BEGIN Provided entries

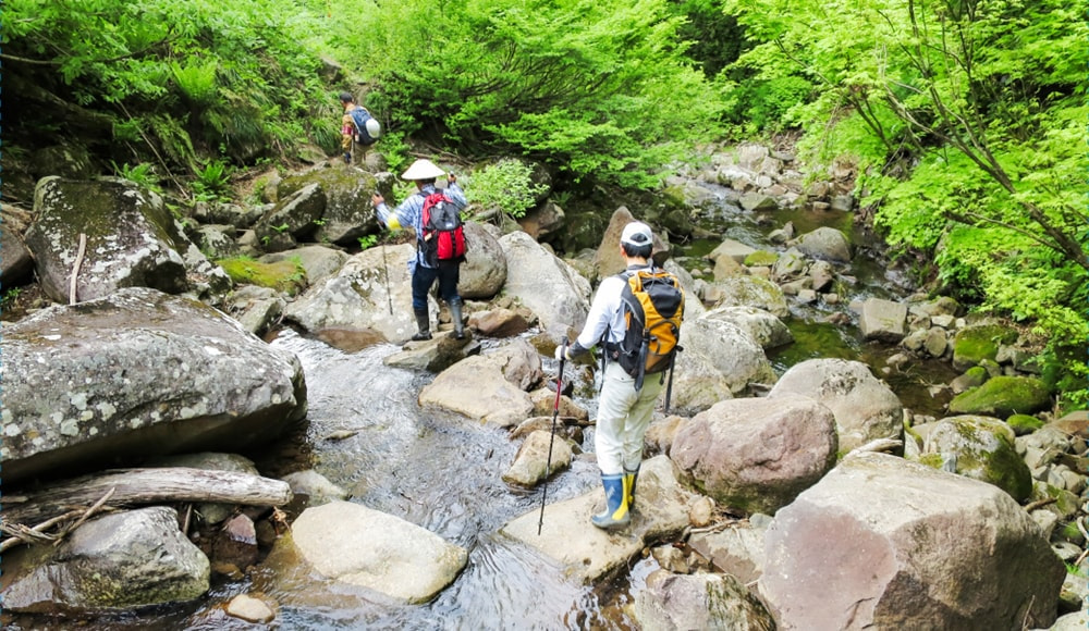 大小いくつもの川を渡り緩やかな登りと、壮大なブナの原生林が広がるコース。ブナ林を抜け稜線に出ると、守門岳北面が迫ってくる。中津又岳を経由し大岳までは、急緩の登りを楽しめる。
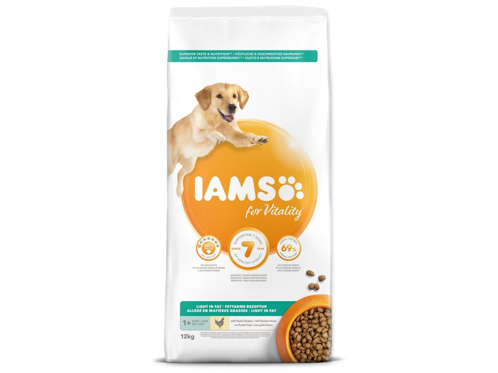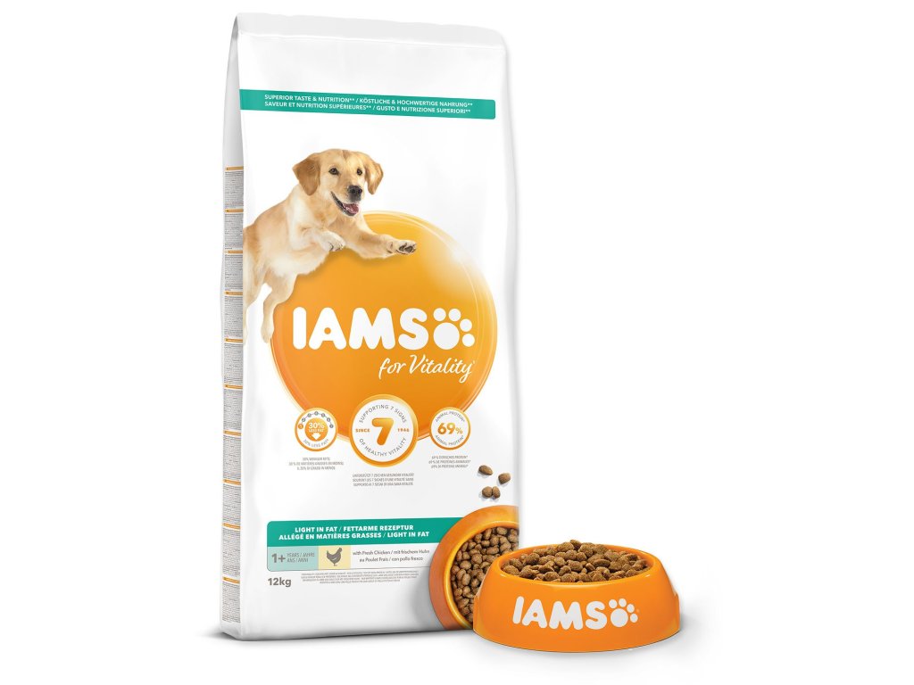 Krmivo IAMS for Vitality s nízkym obsahom tuku pre dospelých psov a psích seniorov všetkých plemien je 100% kompletné a vyvážené, odborníkmi zostavené krmivo, ktoré bude vášmu zvieraťu chutiť a svedčiť. Naša nová a vylepšená receptúra s čerstvým kuracím mäsom je založená na starostlivo vybraných, kvalitných živočíšnych bielkovinách, ktoré podporujú sedem znakov zdravej vitality psa. Aby bol váš pes zdravý, aktívny a plný energie, obsahujú naše lahodné receptúry až 69% živočíšnych bielkovín (z celkového obsahu bielkovín). Naša receptúra s nízkym obsahom tuku a pre kastrované zvieratá skvele pomáha regulovať hmotnosť psa.
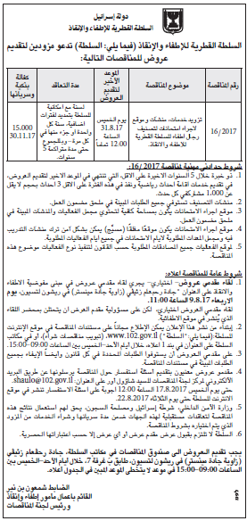 אספקת שירותים, מתקנים ואתר לקיום מבחנים למיון לוחמי אש עבור הרשות הארצית לכבאות והצלה
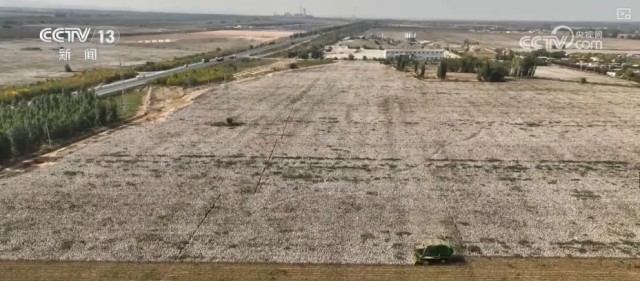 在昌吉州玛纳斯县乐土驿镇的万亩棉田里,新引进的棉花采收打包一体机正在棉田里穿梭。
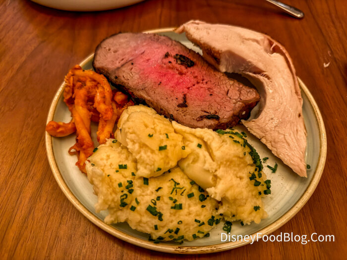 It’s served family style and reminded us of a delicious Thanksgiving meal. There were tons of options like turkey, chicken, beef, fish, brussels sprouts, pastas, and so many desserts! The meat literally melted in our mouths, and we fell in love.
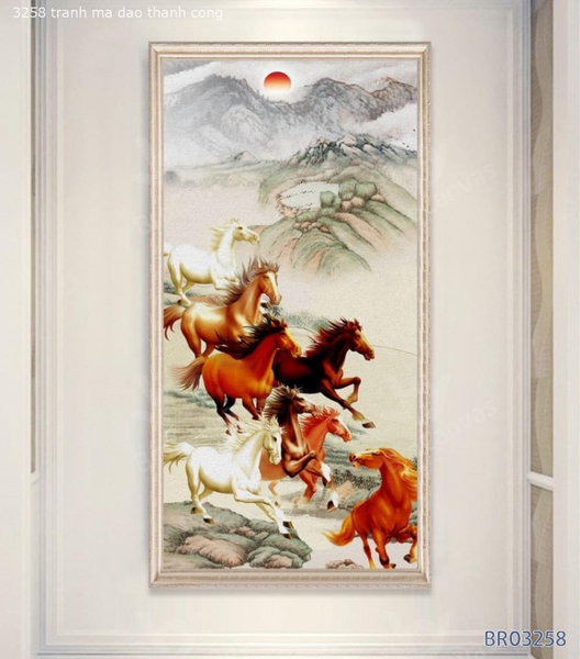 Tranh phong thủy dùng để trang trí với thiết kế sáng tạo, hiện đại, đơn giản sẽ là món quà tân gia không bao giờ lỗi mốt. Tranh Mã Đáo Thành Công BRO3258 là loại tranh cao cấp, bền màu sắc nét với thiết kế khung tranh hiện đại, đơn giản, nhiều màu sắc (Đen - Vàng nhũ - Trắng - Tràn viền) để bạn thoải mái chọn lựa.

END Provided entries

The line with "在昌吉州玛纳斯县乐土驿镇的万" marks the end: restate word for word every line from the top of the data through that one, omitting pictures.

Answer for the task
 大小いくつもの川を渡り緩やかな登りと、壮大なブナの原生林が広がるコース。ブナ林を抜け稜線に出ると、守門岳北面が迫ってくる。中津又岳を経由し大岳までは、急緩の登りを楽しめる。
 Krmivo IAMS for Vitality s nízkym obsahom tuku pre dospelých psov a psích seniorov všetkých plemien je 100% kompletné a vyvážené, odborníkmi zostavené krmivo, ktoré bude vášmu zvieraťu chutiť a svedčiť. Naša nová a vylepšená receptúra s čerstvým kuracím mäsom je založená na starostlivo vybraných, kvalitných živočíšnych bielkovinách, ktoré podporujú sedem znakov zdravej vitality psa. Aby bol váš pes zdravý, aktívny a plný energie, obsahujú naše lahodné receptúry až 69% živočíšnych bielkovín (z celkového obsahu bielkovín). Naša receptúra s nízkym obsahom tuku a pre kastrované zvieratá skvele pomáha regulovať hmotnosť psa.
 אספקת שירותים, מתקנים ואתר לקיום מבחנים למיון לוחמי אש עבור הרשות הארצית לכבאות והצלה
 在昌吉州玛纳斯县乐土驿镇的万亩棉田里,新引进的棉花采收打包一体机正在棉田里穿梭。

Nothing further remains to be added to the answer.